Óskar Þorvaldsson

Personal information
- Full name: Óskar Hrafn Þorvaldsson
- Date of birth: 25 October 1973 (age 52)
- Place of birth: Iceland
- Position: Defender

Senior career*
- Years: Team / Apps / (Gls)
- 1991–1997: KR Reykjavík / 71 / (1)
- 1998: Strømsgodset / 7 / (0)

International career
- 1989: Iceland U16 / 6 / (0)
- 1989: Iceland U17 / 1 / (1)
- 1990–1992: Iceland U19 / 12 / (1)
- 1992–1995: Iceland U21 / 11 / (0)
- 1997–1998: Iceland / 3 / (0)

Managerial career
- 2018–2019: Grótta
- 2020–2023: Breiðablik
- 2023–2024: Haugesund
- 2024–: KR Reykjavík

= Óskar Hrafn Þorvaldsson =

Icelandic footballer and manager

Óskar Hrafn Þorvaldsson (born 25 October 1973) is an Icelandic football coach and former player.

==Playing career==
After playing the majority of his career with Knattspyrnufélag Reykjavíkur, Óskar finished his career with Strømsgodset in the Norwegian Tippeligaen. He retired in 1999, at the age of 25, due to a back injury. He won three caps for the Iceland national team.

==Managerial career==
He started his manager career with Grótta in the third tier of Icelandic football in 2018, placing second and getting promoted. In the 2019 second tier season he guided Grótta to first place in the league and promotion to the top tier. After the season he was hired by Breiðablik, with Grótta hiring Ágúst Gylfason who had just vacated the manager role at Breiðablik. In 2019 Óskar Hrafn was voted the coach of the year in Icelandic sports as the Icelandic Sportsperson of the Year was announced.

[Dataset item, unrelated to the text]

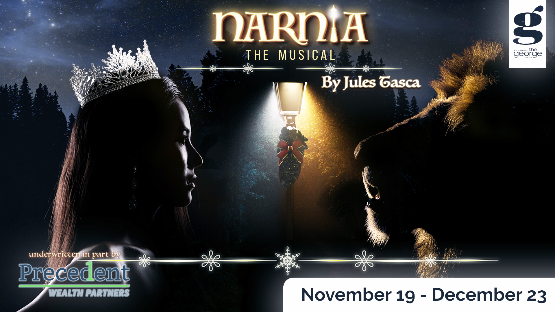 Join us for a night at the A. D. Players’ George Theater on Thursday, December 11, 2025 at 7:30 p.m. to see Narnia the Musical.
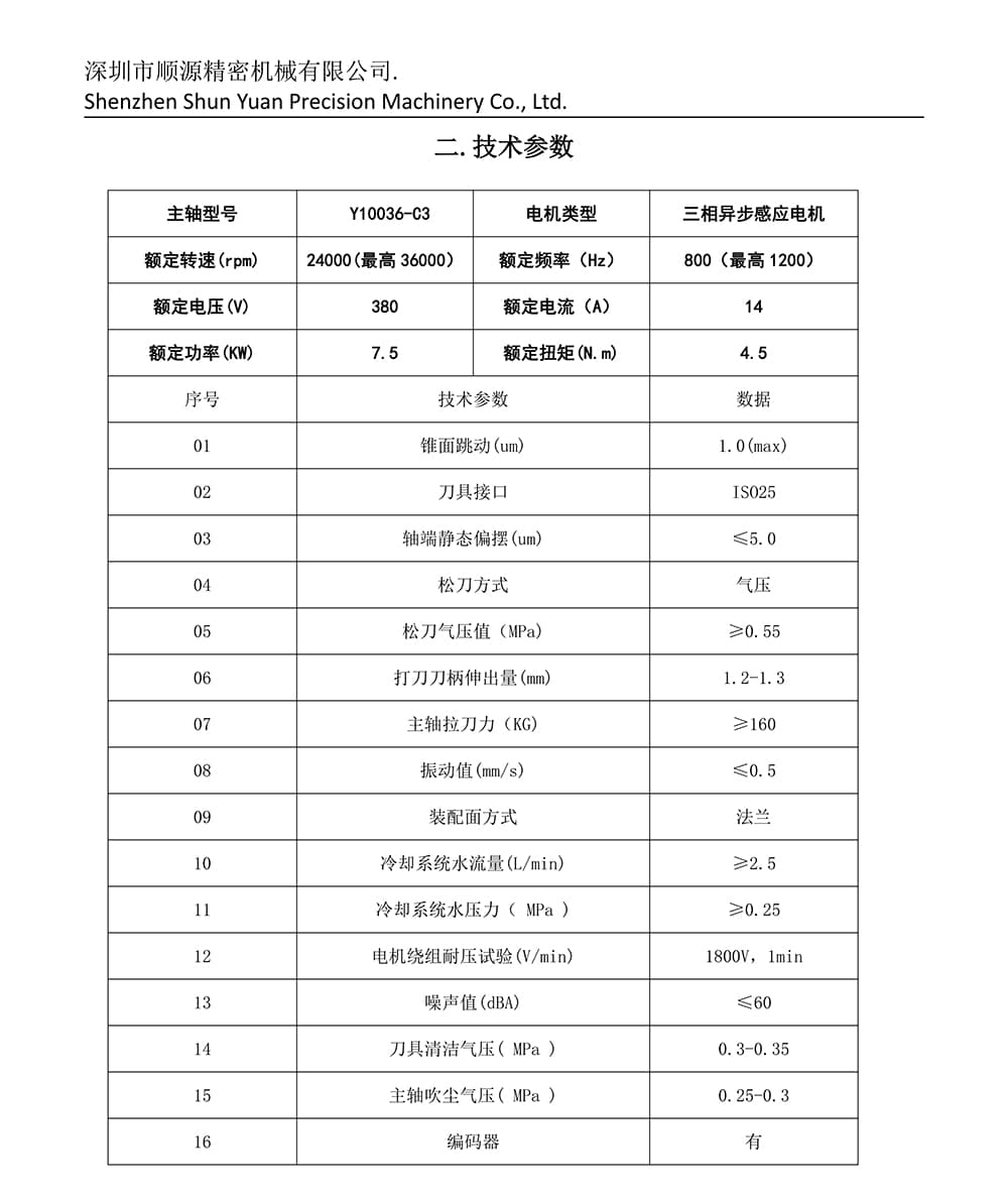 Dönme hızı: 36.000 dönüş, Frekans: 1200Hz, Nominal güç: 7.5kW, Motor tipi: Üç fazlı asinkron indüksif motor, Nominal akım: 14A, Gerilim: 380V, Nominal tork: (N.m) 4.5, Tutma aralığı: ISO25

In October 2023, Norwegian Eliteserien club Haugesund announced that Óskar would become head coach starting from the 2024 season. In May 2024, he resigned after only seven matches in charge of the club.

In August 2024, he was appointed head coach of Knattspyrnufélag Reykjavíkur in the Icelandic Úrvalsdeild, taking charge immediately rather than at the end of the season as originally planned.

==Personal life==
Óskar worked as a journalist for several years and was a news editor for Vísir.is, Dagblaðið Vísir and Stöð 2, where he was the head of Stöð 2 Sport.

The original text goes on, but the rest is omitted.